SET STATISTICS IO ON

GO

 

First lets look at a situation in which there is an index to satisfy the WHERE clause and there are only 2 matching rows:

IF (SELECT COUNT(*) FROM sales.salesorderdetail
WHERE ProductID = 870 ) > 0

    Print 'Yes'

IF EXISTS (SELECT * FROM sales.salesorderdetail WHERE ProductID = 870)
    Print 'Yes'

Table 'SalesOrderDetail'. Scan count 1, logical reads 3, physical reads 0, read-ahead reads 0, lob logical reads 0, lob physical reads 0, lob read-ahead reads 0.
Table 'SalesOrderDetail'. Scan count 1, logical reads 2, physical reads 0, read-ahead reads 0, lob logical reads 0, lob physical reads 0, lob read-ahead reads 0.

 

As we can see from the Logical reads there was only a difference of 1 between the two queries since the amount of matching rows was so small. So in this case there was not a significant difference although it was still 1/3 more expensive to use COUNT(*) instead of EXISTS.

 

Now lets do the same but with 4688 matching rows:

IF (SELECT COUNT(*) FROM sales.salesorderdetail
WHERE ProductID = 897 ) > 0

    Print 'Yes'

IF EXISTS (SELECT * FROM sales.salesorderdetail WHERE ProductID = 897)
    Print 'Yes'

 

Table 'SalesOrderDetail'. Scan count 1, logical reads 11, physical reads 0, read-ahead reads 0, lob logical reads 0, lob physical reads 0, lob read-ahead reads 0.
Table 'SalesOrderDetail'. Scan count 1, logical reads 2, physical reads 0, read-ahead reads 0, lob logical reads 0, lob physical reads 0, lob read-ahead reads 0.

 

Now the cost for the COUNT(*) is over 5 times the EXISTS. This still may not seem like a lot to you. But if you were calling this queries thousands of times a second this would be a big deal. And remember this index is pretty small overall still.

 

OK now lets try this on a column with no index in that same table. There are 357 rows that match but there are a total of 121,317 in the table.

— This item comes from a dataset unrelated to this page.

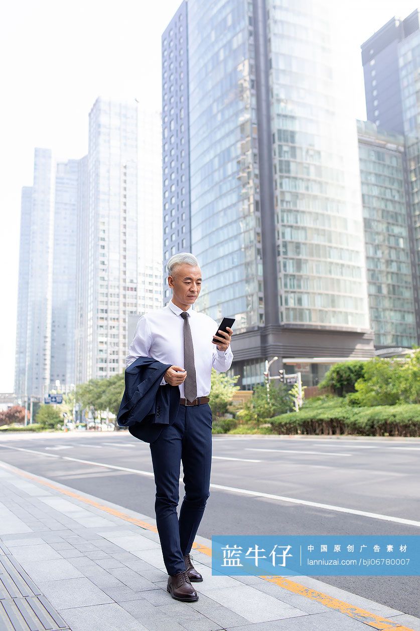 自信的商务人士使用手机 蓝牛仔影像 中国原创广告影像素材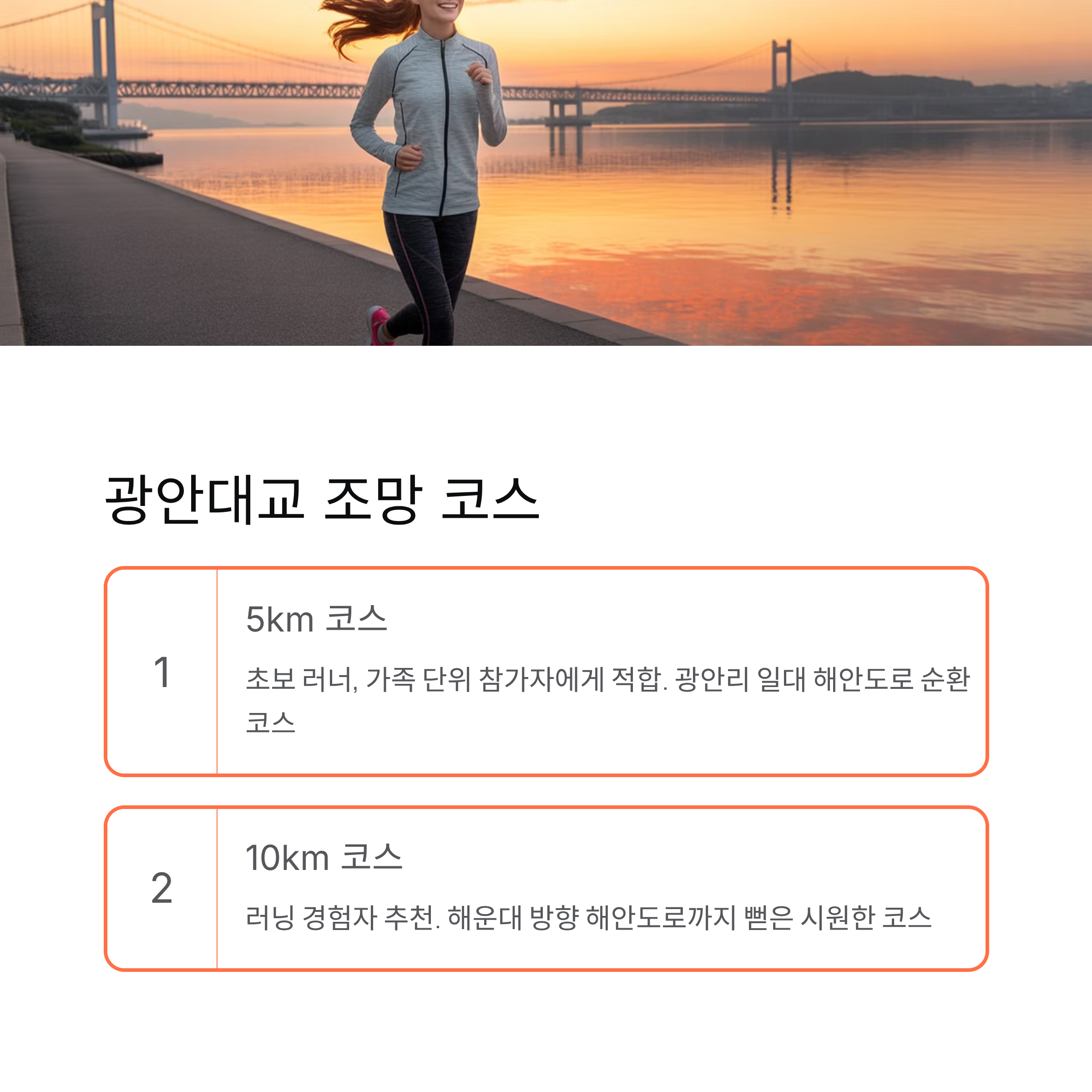 - 5km 코스: 초보 러너, 가족 단위 참가자에게 적합. 광안리 일대 해안도로를 중심으로 구성된 순환 코스

IF (SELECT COUNT(*) FROM sales.salesorderdetail
WHERE ModifiedDate = '20010701 00:00:00.000' ) > 0

    Print 'Yes'

IF EXISTS (SELECT * FROM sales.salesorderdetail WHERE ModifiedDate = '20010701 00:00:00.000')
    Print 'Yes'

 

Table 'SalesOrderDetail'. Scan count 1, logical reads 1241, physical reads 0, read-ahead reads 331, lob logical reads 0, lob physical reads 0, lob read-ahead reads 0.
Table 'SalesOrderDetail'. Scan count 1, logical reads 5, physical reads 0, read-ahead reads 0, lob logical reads 0, lob physical reads 0, lob read-ahead reads 0.

 

This is now almost 250 times more expensive to do a COUNT(*) vs. an EXISTS. Both queries scanned the table but the EXISTS was able to at least do a partial scan do to the fact it can stop after it finds the very first matching row. Where as the COUNT(*) must read each and every row in the entire table to determine if they match the criteria and how many there are. That is the key folks. The ability to stop working after the first row that meets the criteria of the WHERE clause is what makes EXISTS so efficient.  The optimizer knows of this behavior and can factor that in as well. Now keep in mind that these tables are relatively small compared to most databases in the real world. So the figures of the COUNT(*) queries would be multiplied many times on larger tables. You could easily get hundred's of thousands of reads or more on tables with millions of rows but the EXISTS will still only have just a few reads on any queries that can use an index to satisfy the WHERE clause.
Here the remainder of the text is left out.